= Master Spy: The Robert Hanssen Story =

2002 TV movie about FBI agent selling secrets to the Soviet Union

Master Spy: The Robert Hanssen Story (2002) is a made-for-television movie based on the story of Robert Hanssen, who was charged with and convicted of selling American secrets to the Soviet Union. It was written by Norman Mailer and directed by Lawrence Schiller.

== Plot ==

The film depicts abuse perpetrated by Howard Hanssen, Robert Hanssen's father, against Robert. According to Hal Boedeker of the Orlando Sentinel, the events are intended to have viewers sympathize with Hanssen.

According to Boedeker, the film "lingers over his sexual peccadilloes".

== Cast ==
- William Hurt as Robert Hanssen
- Mary-Louise Parker as Bonnie Hanssen
- David Strathairn as Jack Hoschouer
- Ron Silver as Mike Fine
- Hilit Pace as Priscilla Galey
- Wayne Knight as Walter Ballou
- Peter Boyle as Howard Hanssen
- Alexandre Kalugin as Victor Cherkashin
- Lev Prygunov as Leonid Shebarshin
- Scott Gibson as Richard Timber
- Cara Pifko as Jane Hanssen
- Other members of the cast included Dmitri Chepovetsky, Lubomir Mykytiuk, Barry Flatman, Nola Auguston, Kate Trotter, Eugene Lipinski, Bruce Hunter, Colin Fox, Frank Moore, Terry Vnesa, Yvonee Gaudry, Craig Eldridge, Sarah Lafleur, Arnold Pinnock, Lawrence Schiller, Oleg Kalugin, Ned Vukovic, Jacqueline Pillon, and Neil Crone.

== Production ==
Master Spy: The Robert Hanssen Story was filmed in Moscow, Hong Kong, Hawaii, Toronto, and Washington, D.C.
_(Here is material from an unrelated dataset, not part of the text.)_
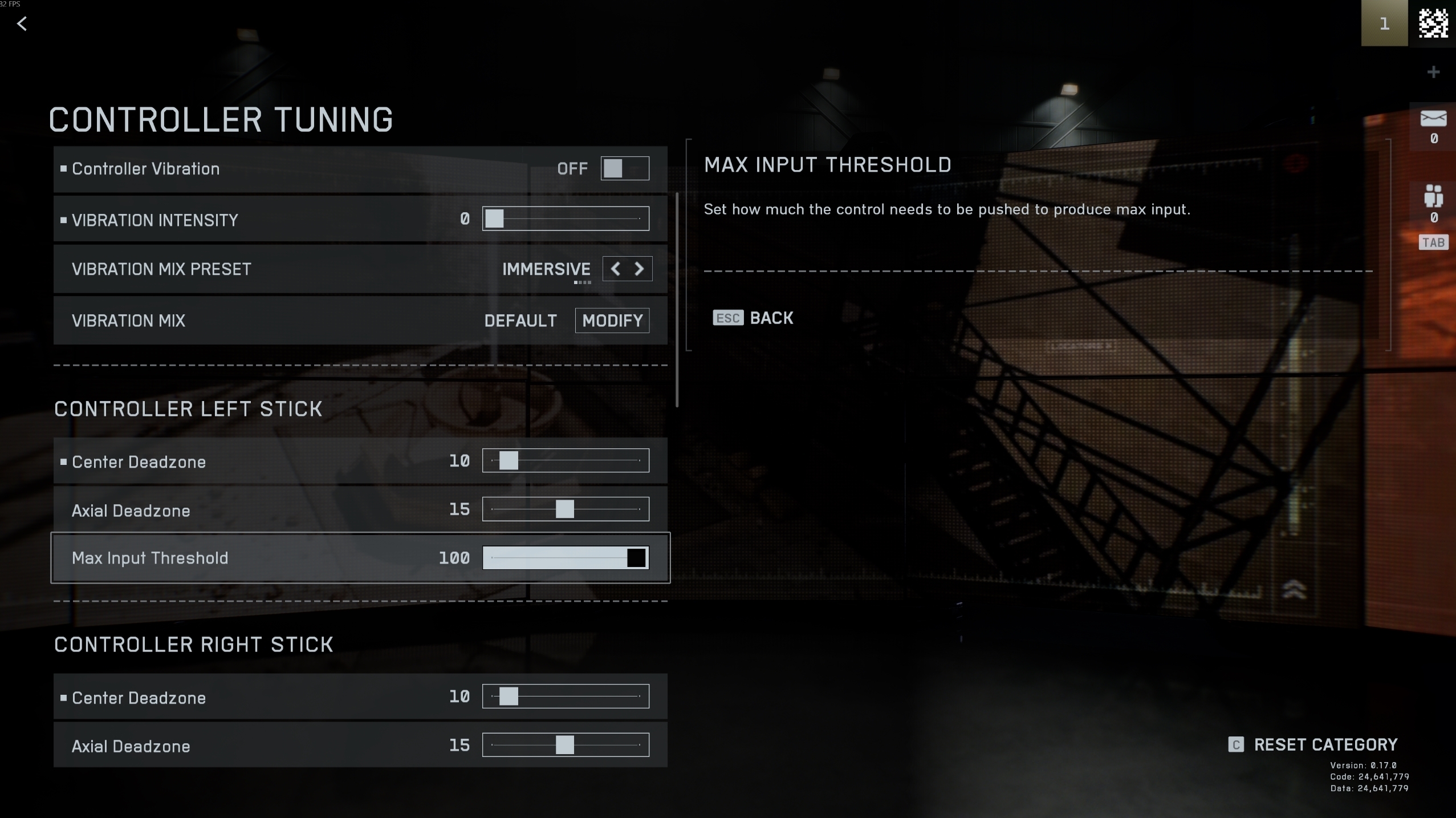 - Right Stick Max Input Threshold: 100

The film was produced by Oakdale Productions and 20th Century Fox Television, and was distributed by Fox Television. The executive producers of the film were Norman Mailer and Lawrence Schiller, the producer was Kay Hoffman, the director was Lawrence Schiller, and the writer was Norman Mailer.

== Reception ==
Master Spy: The Robert Hanssen Story received reviews from publications including Variety, The A.V. Club, the Tampa Bay Times, DVD Talk, the San Francisco Chronicle, and Christopher Null of Filmcritic.com.

Phil Gallo, writing for Variety, wrote that the film was "A psychological drama that fails to haunt, intrigue or even repel its audience, “Master Spy” is a slowly told, drawn-out examination of an FBI agent who fights the demons of his upbringing, Catholicism and unbearable financial debt. Robert Hanssen's story of how he came to sell FBI documents to the KGB is more background than plot as scribe Norman Mailer and director Lawrence Schiller stick with the double spy's family life as the crux of this four-hour mini. William Hurt delivers a consistent performance as the droll, slightly base Hanssen and Mary-Louise Parker is excellent at living within the skin of his devoutly Catholic wife, Bonnie. Over four hours covering 33 years, we see little change in the Hanssens — their dedication to each other never wavers, they maintain traditional roles in the home and religion is their big fallback."

An article in the Tampa Bay Times noted that the film left out some elements of Hanssen's life.